APAC insurers shift more assets to external managers, tech tools

Survey outlines factors driving outsourcing

APAC insurers shift more assets to external managers, tech tools

Transformation

By Roxanne Libatique

Insurers in Asia and Australia are preparing to hand a larger share of their portfolios to external managers as they expand into private markets and seek improved technology and reporting capabilities, according to new research from Clearwater Analytics.

External mandates poised to rise in APAC

Clearwater’s latest study of insurance asset managers in Australia, Hong Kong, and Singapore found that survey participants currently outsource, on average, 35% of their portfolios to third-party managers. All respondents allocate some portion of their general account assets externally, with individual firms delegating between 24% and 45% of assets.

The asset managers – representing life, health, and general insurance businesses with a combined $2.6 trillion in assets under management (AUM) – expect those allocations to shift further toward external firms over the next five years. Around two-thirds (67%) of respondents anticipate a larger proportion of assets will be run by external managers. About 22% expect to bring more assets back in-house, while 11% foresee no material change in the current split between internal and external management.

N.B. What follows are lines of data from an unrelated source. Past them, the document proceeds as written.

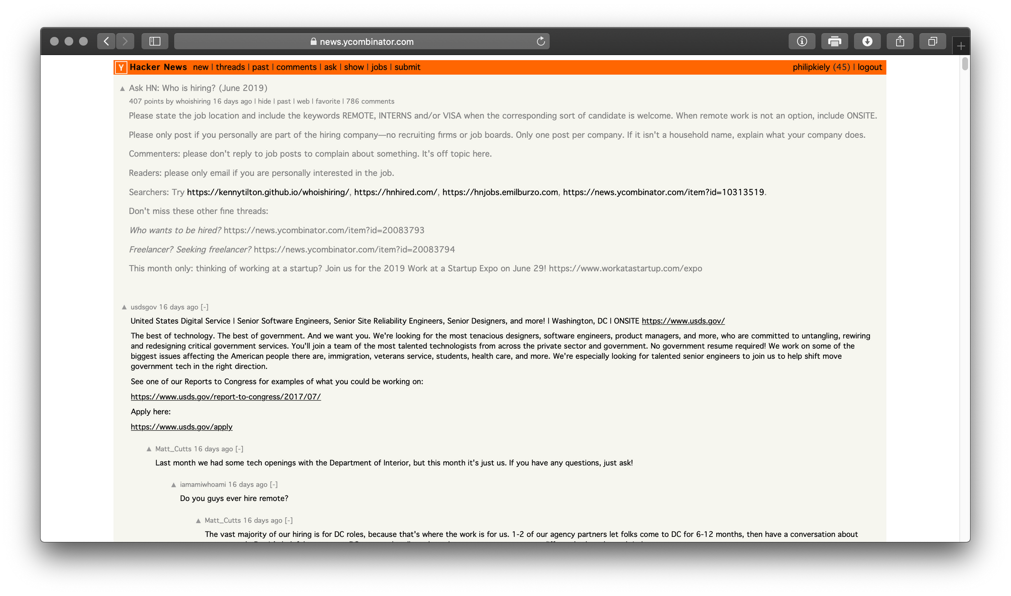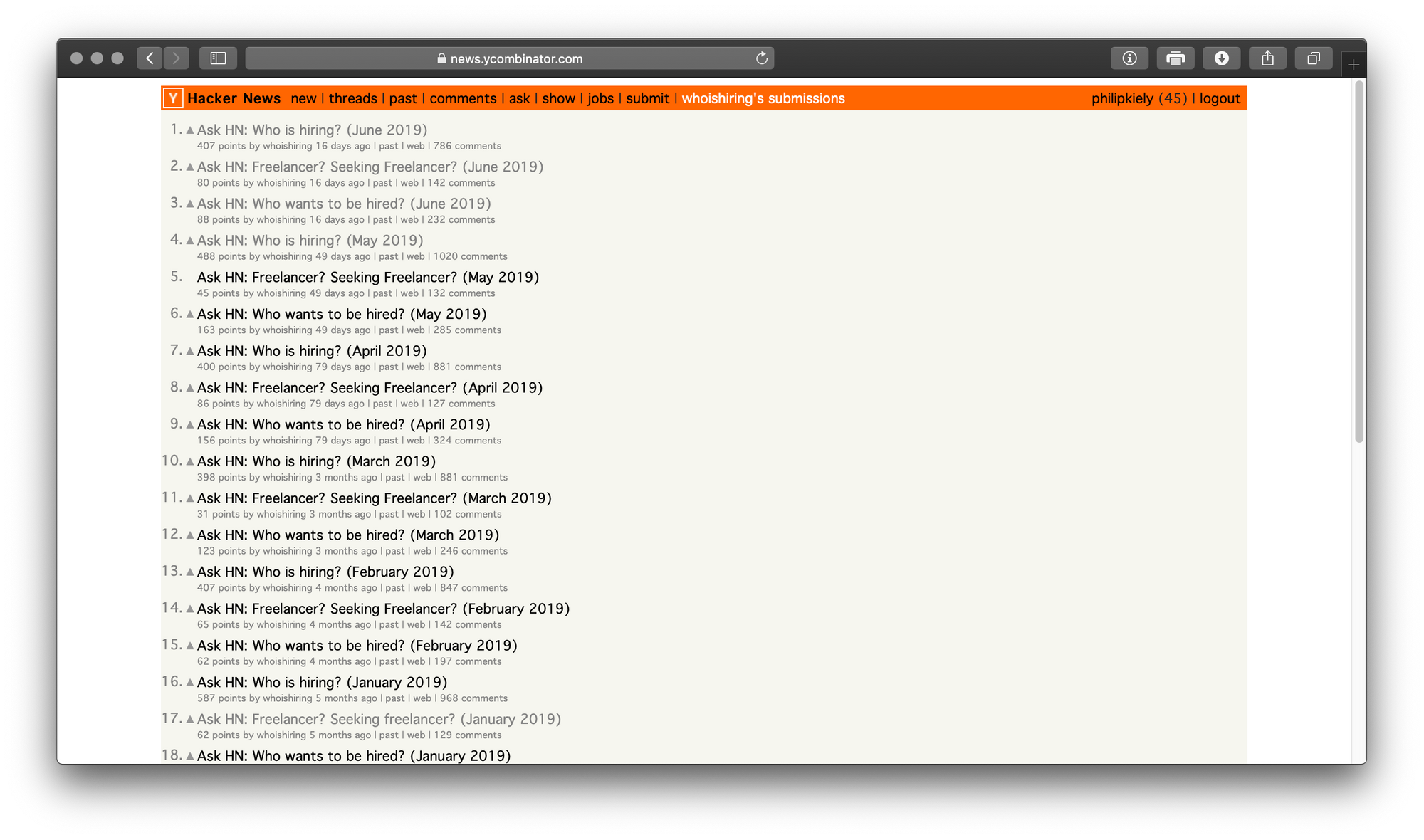Today, we will scrape Hacker News. Specifically, we will gather data from the monthly “Who is Hiring” and “Freelancer? Seeking Freelancer?” threads from April 2011 through June 2019. Hundreds of people per month post opportunities on these threads (it’s how I found out about writing for FloydHub). This is a good set for practicing web scraping because we are considering a number of similar, highly structured pages, but there are still complications like extracting parent comments and following “more” links. Our resultant corpus will be fairly small, we will have two csv files with about 100 rows each.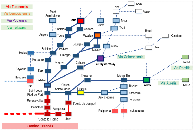Es gibt keinen eindeutigen historischen Jakobsweg, lediglich häufiger oder seltener gewählte Strecken. Die nachstehend beschriebene Hauptstrecke entspricht dem aktuell begangenen Weg, der als GR 653 gut markiert ist und entlang dem vielfältige Unterkunfts- und Verpflegungsmöglicheiten angeboten werden.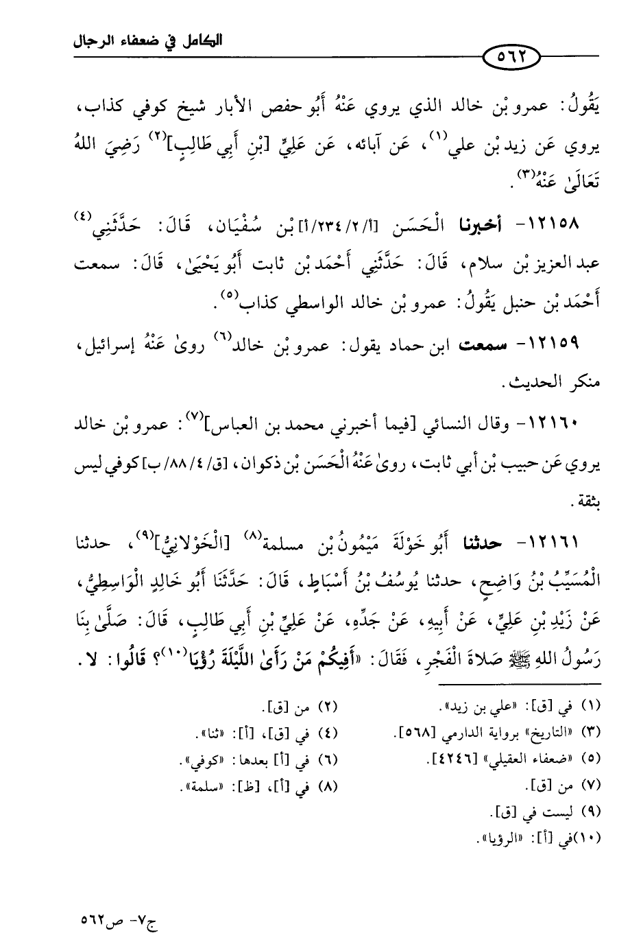 12159 - سمعتُ ابن حماد يقول: عَمرو بن خالد، روى عنه إسرائيل منكر الحديث.

These APAC findings were based on 150 interviews conducted in October 2025 by independent research firm PureProfile, covering senior executives in insurance asset management units across Australia, Hong Kong, and Singapore.

Strategic rather than cost-led outsourcing

The survey suggests that outsourcing decisions among APAC insurers are being driven less by cost or staffing constraints and more by strategic, governance, and technology considerations. Respondents cited the increased acceptance of external managers as the primary factor behind plans to increase outsourcing. Greater transparency and reporting from third-party managers ranked as the second most important driver. Greater control over investment portfolios – including better oversight of models, analytics, and risk exposures – emerged as the third-ranked factor. Executives also pointed to more visibility into portfolios as a supporting reason for greater use of external providers.

In contrast, a shortage of internal expertise and cost-reduction goals were ranked as the least important motivations for moving assets to third parties, suggesting that outsourcing is being used as part of a broader operating model rather than as a simple cost-cutting tool. “The use of third-party asset managers across APAC is set to accelerate as insurers become increasingly comfortable with the practice and seek specialised expertise for complex private market investments,” said Shane Akeroyd, chief strategy officer and president of Asia-Pacific at Clearwater Analytics.

Akeroyd added: “Generally, the shift is being driven by technology and the growing use of platforms which enable insurers to have the control and transparency they need. With 96% expecting increased M&A activity and private markets set to represent a third of allocations, external expertise becomes a competitive advantage.”

Global outsourcing data mirrors APAC trend

The APAC results sit within a broader global rise in insurance investment outsourcing captured in the Clearwater Analytics 2025 Insurance Investment Outsourcing Report, produced with DCS Financial Consulting. The global study reports a record $4.5 trillion in unaffiliated general account insurance AUM by external investment managers, representing a 24% year-on-year increase. Investment consultant assets under advisement reached $2 trillion.

Private markets have played a significant role in that expansion. The report notes that private market assets within outsourced insurance portfolios have reached $800 billion, up from less than $50 billion a decade ago. Over the same period, outsourced AUM almost tripled, while the number of participating managers increased to 90.

Private markets and technology shape insurer portfolios

The global findings highlight three themes with direct implications for insurers in Asia and Australia as they review their investment and operating models. First, insurers continue to increase allocations to private asset classes, including private credit and other alternative strategies, as part of multi-asset portfolios. The report notes that private asset AUM grew 34% year-on-year to $800 billion, with more private asset managers targeting insurance clients and more insurers using private markets for diversification and liability-matching objectives.

Second, public assets remain the core of insurers’ portfolios, but are increasingly managed alongside private strategies in integrated multi-asset frameworks. Eighty-three percent of managers participating in the study offer public asset strategies, and many also provide private asset solutions, requiring stronger operational and analytical support across both segments.

Third, technology is becoming central to how insurers evaluate and work with external managers. More than 80% of participating managers now deliver customised portfolio reporting, cash flow projections, accounting analytics, and regulatory support, supported by advanced technology platforms. AI-based analytics are beginning to see wider use as insurers seek to aggregate and interrogate data across complex portfolios and jurisdictions.